Learn to be a Hatred-Countering Upstander
Officials for the new Dallas Holocaust and Human Rights Museum want visitors to imagine a future where the world is full of “upstanders,” people who stand up against hatred and bigotry.
“At a time when our country is being attacked from within by domestic terrorists acting on hatred and racist ideology, our mission at the new Dallas Holocaust and Human Rights Museum is not only timely but critically needed,” museum president and CEO Mary Pat Higgins said.
According to the latest hate crime report by the FBI, hate crimes across the U.S. rose 17% from 2016 to 2017, with the majority of victims targeted due to their race, religion, and sexual orientation. Hate crimes in Texas have seen a similar rise, with DPS reporting a 6.7% increase between 2016 and 2017.

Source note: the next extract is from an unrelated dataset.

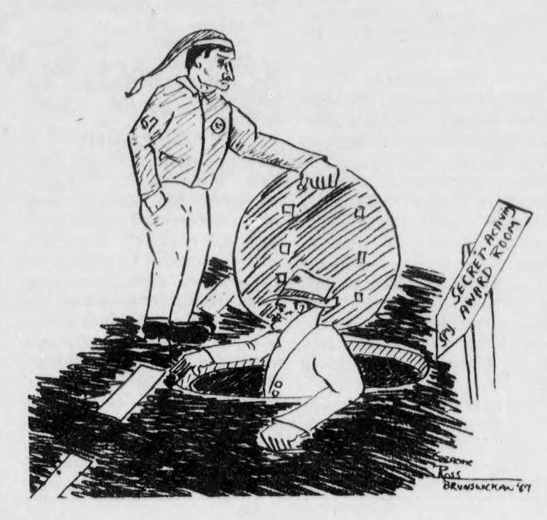
I'm the yo-yo. Have you got the points?

To counter those attitudes, museum designers used a combination of exhibits and the architecture to tell the stories of genocide survivors.
Architects used copper because the outer layer corrodes to protect the inner layer, symbolizing how survivors have chosen to remain resilient and hopeful despite the injustices they’ve suffered.
Dallas Holocaust survivor Max Glauben compares the opening of the new museum to a 40-year-seed finally taking root.
A project that started as a small museum in the basement of the Jewish Community Center has become a landmark featuring a hologram of Glauben. His image responds to visitors in the Dimensions of Testimony eater and shares stories of his Holocaust experiences.
“There isn’t a person in this world that cannot come into this museum, their children, their grandchildren, their great, great-grandchildren, God knows for how long,” he said, “And ask a question.”
Glauben survived the Warsaw Ghetto during the Nazi invasion of Poland. He survived becoming an orphan by age 13 and imprisonment at five different concentration camps. At 91, Glauben is one of the few remaining Holocaust survivors in Dallas.
Glauben likens hatred to dough. “You take a little piece, and you put it in the refrigerator, and overnight, it becomes a big bunch of dough,” he said.
Ending this growing hatred, Glauben said, is as simple as “choosing the goodness in you.”
Individuals possess whatever it takes to be a good human being, an upstander, he said.
In a world where people are persecuted because of their religion, education can lead to positive change, Glauben said.
The ultimate goal, museum officials say, is to teach 100,000 student visitors annually how to be up-standers.
Dallas Mayor Eric Johnson, who was present at the recent museum opening along with Gov. Greg Abbott, embraced that goal.
“My dream for Dallas is that we will be a city of upstanders,” Johnson said.